Dear List,
Here is a list of the three most well-known APIs for Open Banking and their take on 
"Signed JSON":

http://openid.net/specs/openid-financial-api-part-2.html#request
In-line JWS (base64url-encoded messages)

https://www.stet.eu/assets/files/PSD2/API-DSP2-STET_V1.2.2.pdf#page=56
HTTP-Signatures (clear text messages using a not yet standardized signature 
scheme)

https://www.openbanking.org.uk/read-write-apis/payment-initiation-api/v1-1-0/#usage-examples-merchant-illustrative-interactions-payment-setup
Detached JWS (clear text messages signed by a JWS in a specific HTTP header)

I believe this supports my view that base64-encoded JSON will continue to be a 
hard sell no matter how good it may be.

Other "uncool" side-effects include lookup services providing signed responses 
in base64url
https://tools.ietf.org/html/draft-ietf-oauth-discovery-07#section-2.1
and security protocols needing artificial outer layers in order to make objects 
recognizable
https://tools.ietf.org/html/draft-pei-opentrustprotocol-01#section-8.2.1.1

May I propose a JOSE2 effort based on ES6.JSON serialization [1] to end the current 
proliferation of "DIY standards" and reducing the need for [ugly] workarounds 
like used by UK's Open Banking?

Making JOSE more Browser/JS friendly wouldn't be a terrible idea, either.
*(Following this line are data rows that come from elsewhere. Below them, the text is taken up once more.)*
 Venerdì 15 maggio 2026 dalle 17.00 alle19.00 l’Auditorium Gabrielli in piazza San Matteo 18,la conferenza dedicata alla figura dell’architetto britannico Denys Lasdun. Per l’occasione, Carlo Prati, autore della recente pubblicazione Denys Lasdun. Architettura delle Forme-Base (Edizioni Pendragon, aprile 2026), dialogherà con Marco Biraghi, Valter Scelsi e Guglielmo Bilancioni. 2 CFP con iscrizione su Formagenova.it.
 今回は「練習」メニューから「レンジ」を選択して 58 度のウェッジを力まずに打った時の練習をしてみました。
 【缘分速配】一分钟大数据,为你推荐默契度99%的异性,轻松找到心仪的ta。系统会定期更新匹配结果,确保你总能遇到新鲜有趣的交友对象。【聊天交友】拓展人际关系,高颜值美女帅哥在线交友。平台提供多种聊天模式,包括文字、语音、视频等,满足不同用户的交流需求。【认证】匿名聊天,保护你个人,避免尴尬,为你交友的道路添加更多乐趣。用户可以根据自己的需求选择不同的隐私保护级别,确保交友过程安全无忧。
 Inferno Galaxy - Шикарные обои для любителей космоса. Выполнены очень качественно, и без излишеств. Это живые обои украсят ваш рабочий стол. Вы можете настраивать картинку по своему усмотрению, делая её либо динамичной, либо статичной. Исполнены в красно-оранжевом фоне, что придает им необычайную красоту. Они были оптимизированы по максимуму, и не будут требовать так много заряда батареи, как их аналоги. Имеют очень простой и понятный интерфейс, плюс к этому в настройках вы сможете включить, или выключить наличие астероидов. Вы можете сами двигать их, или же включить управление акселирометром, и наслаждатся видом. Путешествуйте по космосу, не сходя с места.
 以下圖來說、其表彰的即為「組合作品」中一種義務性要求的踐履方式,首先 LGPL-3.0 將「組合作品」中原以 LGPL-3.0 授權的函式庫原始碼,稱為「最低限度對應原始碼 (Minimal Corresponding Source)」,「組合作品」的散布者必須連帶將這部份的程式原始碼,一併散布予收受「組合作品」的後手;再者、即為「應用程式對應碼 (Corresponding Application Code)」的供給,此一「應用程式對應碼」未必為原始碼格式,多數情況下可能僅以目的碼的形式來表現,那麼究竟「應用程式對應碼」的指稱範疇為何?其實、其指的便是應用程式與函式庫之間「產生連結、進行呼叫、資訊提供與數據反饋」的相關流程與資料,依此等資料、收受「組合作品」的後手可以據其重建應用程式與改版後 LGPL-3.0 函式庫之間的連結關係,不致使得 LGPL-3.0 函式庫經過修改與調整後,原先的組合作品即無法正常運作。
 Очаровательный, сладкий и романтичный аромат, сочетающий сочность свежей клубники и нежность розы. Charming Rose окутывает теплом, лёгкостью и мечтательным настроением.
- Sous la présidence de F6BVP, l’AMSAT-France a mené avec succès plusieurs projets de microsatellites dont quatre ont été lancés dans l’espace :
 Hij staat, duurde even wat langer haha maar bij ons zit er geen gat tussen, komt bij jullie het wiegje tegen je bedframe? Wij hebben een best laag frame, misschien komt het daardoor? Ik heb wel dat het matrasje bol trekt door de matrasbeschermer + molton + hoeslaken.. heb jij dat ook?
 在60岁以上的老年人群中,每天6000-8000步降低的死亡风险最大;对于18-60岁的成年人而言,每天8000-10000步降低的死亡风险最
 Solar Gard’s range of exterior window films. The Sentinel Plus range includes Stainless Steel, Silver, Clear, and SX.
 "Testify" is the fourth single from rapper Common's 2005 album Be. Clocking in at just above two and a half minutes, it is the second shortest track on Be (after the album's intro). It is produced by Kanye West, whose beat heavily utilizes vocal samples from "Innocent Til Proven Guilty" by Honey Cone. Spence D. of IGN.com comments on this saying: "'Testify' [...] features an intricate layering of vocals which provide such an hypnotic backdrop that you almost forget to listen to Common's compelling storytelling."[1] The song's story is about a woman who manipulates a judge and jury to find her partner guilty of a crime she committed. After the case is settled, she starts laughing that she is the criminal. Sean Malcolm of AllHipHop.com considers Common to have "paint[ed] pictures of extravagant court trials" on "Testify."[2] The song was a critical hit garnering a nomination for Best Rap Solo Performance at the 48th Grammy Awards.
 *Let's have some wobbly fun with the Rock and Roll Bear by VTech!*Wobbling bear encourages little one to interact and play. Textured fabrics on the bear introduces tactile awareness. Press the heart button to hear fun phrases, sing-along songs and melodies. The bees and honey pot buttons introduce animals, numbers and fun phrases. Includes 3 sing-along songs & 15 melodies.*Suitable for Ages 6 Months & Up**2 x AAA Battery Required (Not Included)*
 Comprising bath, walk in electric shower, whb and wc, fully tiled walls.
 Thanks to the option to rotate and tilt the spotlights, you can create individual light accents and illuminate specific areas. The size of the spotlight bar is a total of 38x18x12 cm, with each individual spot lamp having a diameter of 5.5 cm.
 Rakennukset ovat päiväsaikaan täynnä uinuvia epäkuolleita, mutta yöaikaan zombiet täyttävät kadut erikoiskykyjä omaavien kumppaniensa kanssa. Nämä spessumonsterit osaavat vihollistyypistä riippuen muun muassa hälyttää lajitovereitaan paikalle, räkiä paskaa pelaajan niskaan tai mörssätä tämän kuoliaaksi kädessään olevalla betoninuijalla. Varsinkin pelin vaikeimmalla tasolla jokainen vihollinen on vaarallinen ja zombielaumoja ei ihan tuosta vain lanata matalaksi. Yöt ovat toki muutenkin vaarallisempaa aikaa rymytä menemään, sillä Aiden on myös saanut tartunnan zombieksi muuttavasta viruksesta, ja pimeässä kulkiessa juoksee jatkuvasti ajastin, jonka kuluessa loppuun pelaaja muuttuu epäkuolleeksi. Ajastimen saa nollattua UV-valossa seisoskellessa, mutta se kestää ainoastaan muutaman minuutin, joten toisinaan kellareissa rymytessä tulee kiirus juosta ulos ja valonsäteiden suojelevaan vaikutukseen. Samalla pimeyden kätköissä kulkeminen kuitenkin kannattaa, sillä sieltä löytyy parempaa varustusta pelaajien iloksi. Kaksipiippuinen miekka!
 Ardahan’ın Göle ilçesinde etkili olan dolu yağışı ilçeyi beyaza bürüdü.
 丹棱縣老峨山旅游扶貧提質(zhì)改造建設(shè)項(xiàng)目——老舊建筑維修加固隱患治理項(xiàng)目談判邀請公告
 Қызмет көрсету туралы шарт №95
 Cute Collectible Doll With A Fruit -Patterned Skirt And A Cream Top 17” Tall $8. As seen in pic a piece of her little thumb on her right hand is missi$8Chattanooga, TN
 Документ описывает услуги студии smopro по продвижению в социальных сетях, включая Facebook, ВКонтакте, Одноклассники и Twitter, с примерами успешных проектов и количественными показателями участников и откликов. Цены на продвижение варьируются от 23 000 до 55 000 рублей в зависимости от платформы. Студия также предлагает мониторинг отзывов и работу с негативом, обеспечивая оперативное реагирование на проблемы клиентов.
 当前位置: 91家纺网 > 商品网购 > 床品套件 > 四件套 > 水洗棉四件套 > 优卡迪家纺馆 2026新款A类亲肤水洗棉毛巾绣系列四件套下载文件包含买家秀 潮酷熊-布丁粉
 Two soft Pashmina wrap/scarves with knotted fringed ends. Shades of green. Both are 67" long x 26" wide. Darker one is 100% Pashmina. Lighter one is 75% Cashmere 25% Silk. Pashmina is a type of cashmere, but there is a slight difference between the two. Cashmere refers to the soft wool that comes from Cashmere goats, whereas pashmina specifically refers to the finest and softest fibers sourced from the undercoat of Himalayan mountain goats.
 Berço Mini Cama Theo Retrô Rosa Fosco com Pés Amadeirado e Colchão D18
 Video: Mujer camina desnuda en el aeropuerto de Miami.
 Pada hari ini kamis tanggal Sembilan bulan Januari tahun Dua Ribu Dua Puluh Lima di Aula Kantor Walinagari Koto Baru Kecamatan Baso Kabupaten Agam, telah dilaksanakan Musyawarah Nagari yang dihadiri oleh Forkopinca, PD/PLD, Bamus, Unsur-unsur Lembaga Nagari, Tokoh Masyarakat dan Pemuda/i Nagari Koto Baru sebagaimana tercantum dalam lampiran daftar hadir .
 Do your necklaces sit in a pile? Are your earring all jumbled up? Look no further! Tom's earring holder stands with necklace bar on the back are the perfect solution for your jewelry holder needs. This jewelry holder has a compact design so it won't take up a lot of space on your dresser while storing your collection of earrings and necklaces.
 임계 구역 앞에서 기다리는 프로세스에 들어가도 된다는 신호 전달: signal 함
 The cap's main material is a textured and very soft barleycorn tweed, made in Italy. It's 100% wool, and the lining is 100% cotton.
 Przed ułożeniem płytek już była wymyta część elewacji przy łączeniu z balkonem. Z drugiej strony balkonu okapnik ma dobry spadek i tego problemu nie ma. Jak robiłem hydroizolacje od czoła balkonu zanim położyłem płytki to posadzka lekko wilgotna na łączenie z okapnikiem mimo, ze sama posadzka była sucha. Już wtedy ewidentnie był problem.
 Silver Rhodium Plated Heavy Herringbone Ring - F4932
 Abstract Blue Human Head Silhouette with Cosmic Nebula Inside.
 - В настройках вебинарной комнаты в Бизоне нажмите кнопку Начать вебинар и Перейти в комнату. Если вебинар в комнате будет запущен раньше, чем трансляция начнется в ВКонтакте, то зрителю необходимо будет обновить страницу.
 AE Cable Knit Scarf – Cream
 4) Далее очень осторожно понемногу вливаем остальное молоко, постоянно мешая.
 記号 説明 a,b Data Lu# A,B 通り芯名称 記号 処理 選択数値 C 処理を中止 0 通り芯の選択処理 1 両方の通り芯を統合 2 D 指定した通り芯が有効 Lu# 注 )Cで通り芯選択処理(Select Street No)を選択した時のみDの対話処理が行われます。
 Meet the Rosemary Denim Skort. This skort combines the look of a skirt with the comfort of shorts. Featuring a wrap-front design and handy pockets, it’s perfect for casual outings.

Availability of ES6.JSON compatible tools isn't really a showstopper, we are 
talking about < 2000 lines of pretty simple [2] code for parsing and 
serialization.

thanx,
Anders

1] 
https://cyberphone.github.io/doc/security/jcs.html#Normalization_and_Signature_Validation

2] Well, number serialization is non-trivial so implementers probably need to 
build on already written code and algorithms out there like I did.